With the advent of the <multicol> tag in Netscape 3.0, you can now create multicolumn layouts for your HTML pages with a single tag. This only works in Netscape 3.0 and higher; other browsers will simply render your text as a single, regular flow within your document.

Basic Multicolulmn Layout

To create a multicolumn flow, put the <multicol> tag around the desired text:
     <multicol cols=2>
     This text will be displayed in two columns,
     divided equally across the current flow.
     I'll just add more text to make the flow obvious.
     This text will be displayed in two columns,
     divided equally across the current flow.
     I'll just add more text to make the flow obvious.
     This text will be displayed in two columns,
     divided equally across the current flow.
     I'll just add more text to make the flow obvious.
     This text will be displayed in two columns,
     divided equally across the current flow.
     I'll just add more text to make the flow obvious.
     </multicol>
If you are running Netscape 3.0, you should see a two-column layout: This text will be displayed in two columns, divided equally across the current flow. I'll just add more text to make the flow obvious. This text will be displayed in two columns, divided equally across the current flow. I'll just add more text to make the flow obvious. This text will be displayed in two columns, divided equally across the current flow. I'll just add more text to make the flow obvious. This text will be displayed in two columns, divided equally across the current flow. I'll just add more text to make the flow obvious. Notice that the multicolumn flow is preceded and followed by a paragraph break, and that Netscape tries to balance the columns to make them the same length.

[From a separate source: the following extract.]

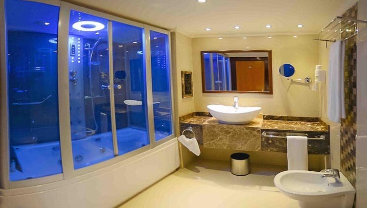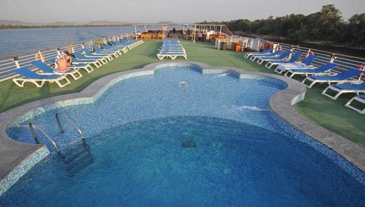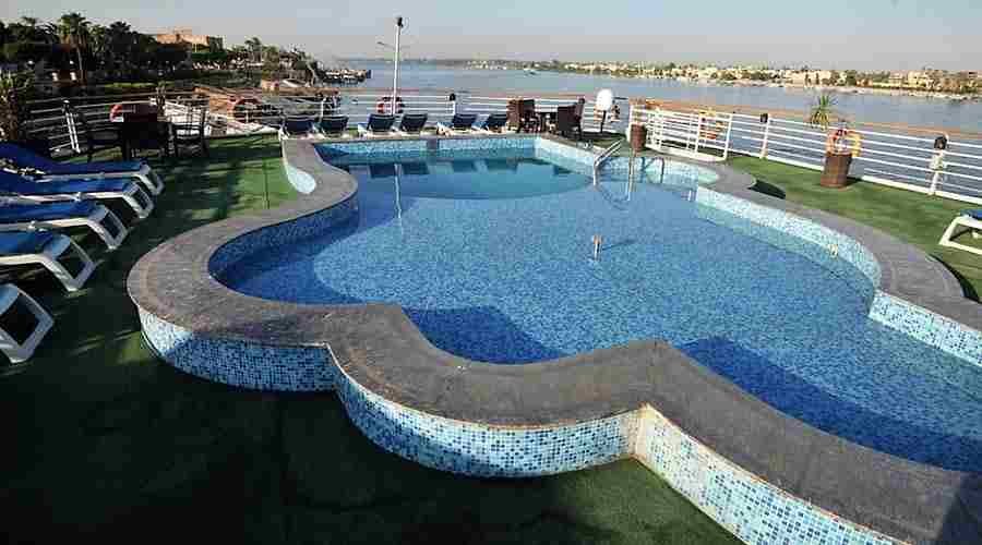 이 4일 디럭스 나일강 크루즈 블루 섀도우 I는 수영장, 헬스장, 아로마테라피 사우나와 같은 고급 시설을 제공하며, 개인 객실 또는 선데크에서 탁 트인 전망을 감상하며 아스완에서 룩소르까지 편안함과 문화 탐험을 결합합니다.

To change the number of columns, use a different value with the cols attribute. Here is the same text as a three column layout (<multicol cols=3>): This text will be displayed in two columns, divided equally across the current flow. I'll just add more text to make the flow obvious. This text will be displayed in two columns, divided equally across the current flow. I'll just add more text to make the flow obvious. This text will be displayed in two columns, divided equally across the current flow. I'll just add more text to make the flow obvious. This text will be displayed in two columns, divided equally across the current flow. I'll just add more text to make the flow obvious. You can use any number of columns, but more than three gets pretty hard to read. Here are five columns (<multicol cols=5>): This text will be displayed in two columns, divided equally across the current flow. I'll just add more text to make the flow obvious. This text will be displayed in two columns, divided equally across the current flow. I'll just add more text to make the flow obvious. This text will be displayed in two columns, divided equally across the current flow. I'll just add more text to make the flow obvious. This text will be displayed in two columns, divided equally across the current flow. I'll just add more text to make the flow obvious.

Controlling Column Width

Normally, Netscape chooses a column width so that all the columns, plus the space between them, fills the current textflow. You can change the column width by adding the width attribute to the <multicol> tag. The value of this attribute is either a number of pixels or a percentage of the browser window; the value defines the total space occupied by the columns, not the width of a single column. Ignore Netscape documentation that claims that the width attribute sets the width of a single column.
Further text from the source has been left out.